Support exporting visualisations as images, HTML, or shareable reports.

Why Use PyGWalker?

No need to manually code every visualization
quicker investigation and analysis
Handles large datasets efficiently
Interactive, shareable insights

To install PyGWalker, open command propmt and execute the following code

pip install pygwalker

now we can import the library

import pygwalker as pyg
import pandas as pd

here we use the dataset kaggle_income(source link at end) which contains information of income at households in different cities of all states of the USA

df = pd.read_csv('C:\Users\hp\PSDV\Assignment 4\income.csv' , encoding = 'latin-1')

now we will read the data using PyGWalker

pyg.walk(df)

Key features

1) Drag and drop to X and Y axis

You can simply drag your dataset columns onto the X and Y axes to create charts.

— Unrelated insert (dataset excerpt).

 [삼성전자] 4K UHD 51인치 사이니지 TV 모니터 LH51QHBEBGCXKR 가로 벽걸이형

Want to see row count per state? Drag State_Name to X and Row count to Y

Need an area chart to compare county wise mean income? Drage State_name to X and Mean to Y

2) Aggregations

PyGWalker automatically aggregates data to give you meaningful insights.

Want to see total income per sate? — PyGWalker will sum it for you. But hey, you realise that different states have different no of cities considered, so the states with more number of cities considered will have a higher value. so it would be better to average these out.

How do I do this?

Just switch the aggregation to MEAN instead of SUM.

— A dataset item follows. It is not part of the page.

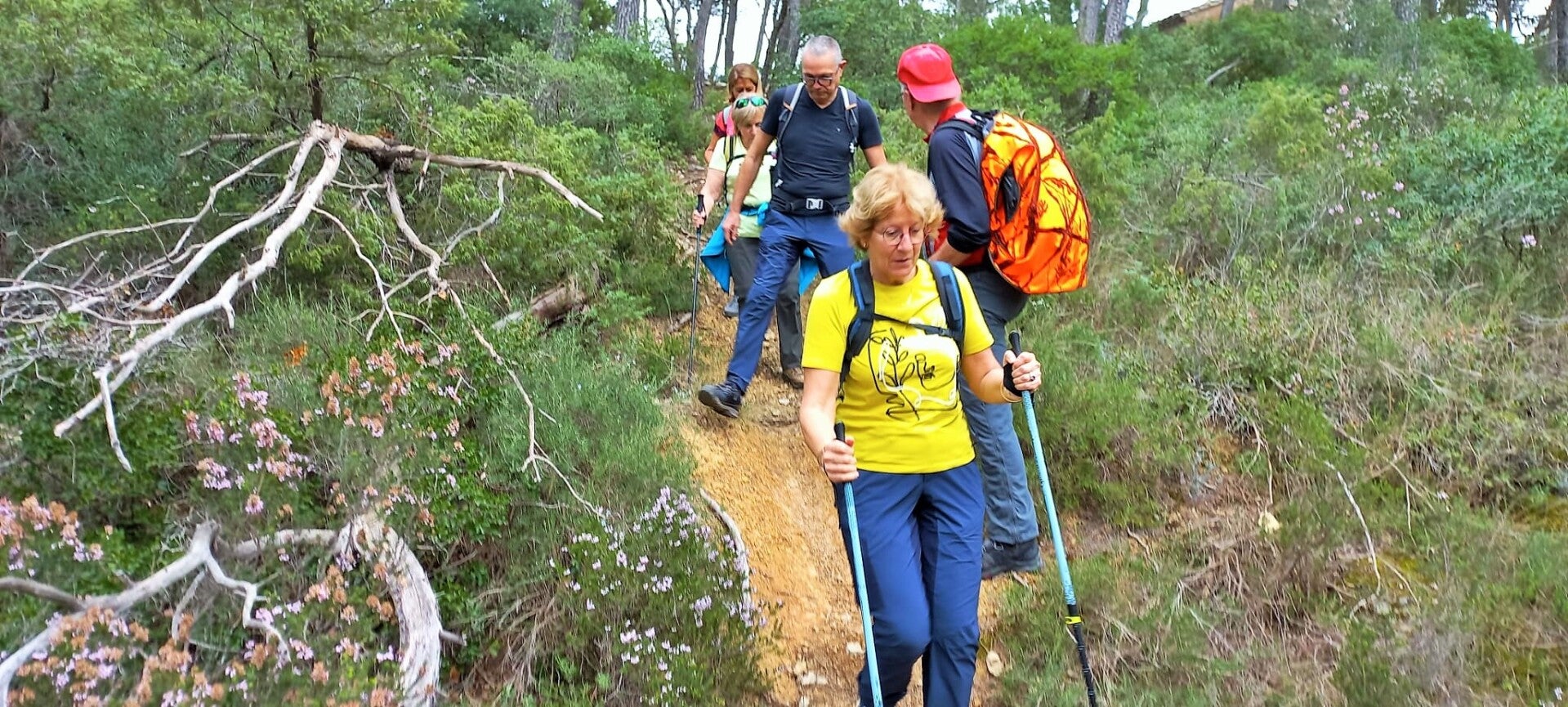 Une randonnée au milieu des terres rouges , de la garrigue, des pinèdes fleuries par la bruyère et bien évidemment les vignes. Nous croiserons sur notre passage, trois sculptures qui célèbre la vigne et plus loin une autre sculpture, plus contemporaine, et plutôt inattendue. Notre première découverte sera La chapelle St Nicolas de Talpuciac, nichée au milieu des pins. Un peu plus loin, c'est "l'étendoir des fées", que nous découvrirons. Une zone rocheuse chargé de légende. Il est dit que les fées sortaient la nuit pour laver leur linge et l'étendre sur ces roches curieuses. (un peu comme Jean Louis qui a étendu son mouchoir)

to use aggregation, aggregation mode must be toggled on.

Following aggregations can be used: Sum → Total of all values Count → Number of occurrences Median → Median of all values Min/Max → Smallest and largest values Standard Deviation → standard deviation of all values Variation → variation of all values

3) Filters

Data exploration is incomplete without filters! PyGWalker allows you to filter data interactively:

Want to see the data for only some specific states? Just drag and drop state_Name column in filter box.

Need to analyze only states with cities with median income only in a specific range? Apply range filter on median.

4) Color

Make your charts visually appealing and informative by adding color categories.

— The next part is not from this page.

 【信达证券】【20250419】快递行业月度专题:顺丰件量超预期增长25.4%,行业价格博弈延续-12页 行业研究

Assign different colors to regions, product categories, or user segments.

Example: In a bar chart of State_Name vs Mean income, drag the mean block to color filter for better comparison.

5) Opacity, Size, Shape, Details

Take your scatter plots and bubble charts to the next level: - Opacity → Adjust transparency to handle dense data points. - Size → Map a column (e.g., income) to bubble size in a scatter plot. - Shape → Differentiate categories using shapes instead of colors. - Details → Add extra information on hover (e.g., show Customer Name when hovering over a data point).

6) Sorting

Quickly sort data in ascending or descending order:

Want to see State with highest avg income? just click on sort in descending order.

7) Transpose

Use this feature if you want to swap X and Y axis.

8) Layout Customisation

Organize your visualizations exactly how you want. PyGWalker provides: - Grid layout → Arrange multiple charts side by side. - Resizable panels → Adjust chart sizes for better comparisons. - Multiple tabs → Separate different analyses into different tabs.

9) Painter Mode

Want to highlight trends, annotate data points, or mark key areas?

PyGWalker lets you draw directly on charts to emphasize insights. This is great for presentations and storytelling.

10) Different Chart Types

PyGWalker supports a variety of built-in visualizations, including: - Bar Charts → Compare categorical data - Line Charts → Show trends over time - Scatter Plots → Analyze relationships between two variables - Geospatial Maps → Visualize location-based data - Pie Charts → Display proportions

We can change between chart types without having to write a single line of code.

11) Data tab

Need to see your raw data while analyzing?

The Data Tab gives you a spreadsheet-like view right inside PyGWalker.

Quickly scan through row-level data. Apply filters, sorting, and calculations directly

12) Export Options

PyGWalker lets you export your insights for presentations and sharing: - Save as an Image → PNG/JPG format - Export as HTML → Share an interactive report - Copy to Clipboard → Paste directly into documents or emails

Applications of PyGWalker

Whether you’re a data scientist, business analyst, marketer, or researcher, PyGWalker helps you uncover insights and create visual stories efficiently. Here are some of its key applications:

1. Exploratory Data Analysis (EDA)

Before diving into machine learning or reporting, it’s crucial to understand the dataset. PyGWalker helps with:
- Identifying missing values and data distributions - Understanding relationships between variables
- Spotting trends and patterns in time-series data

Example: A data scientist analyzing customer demographics can quickly visualize age distributions and spending habits.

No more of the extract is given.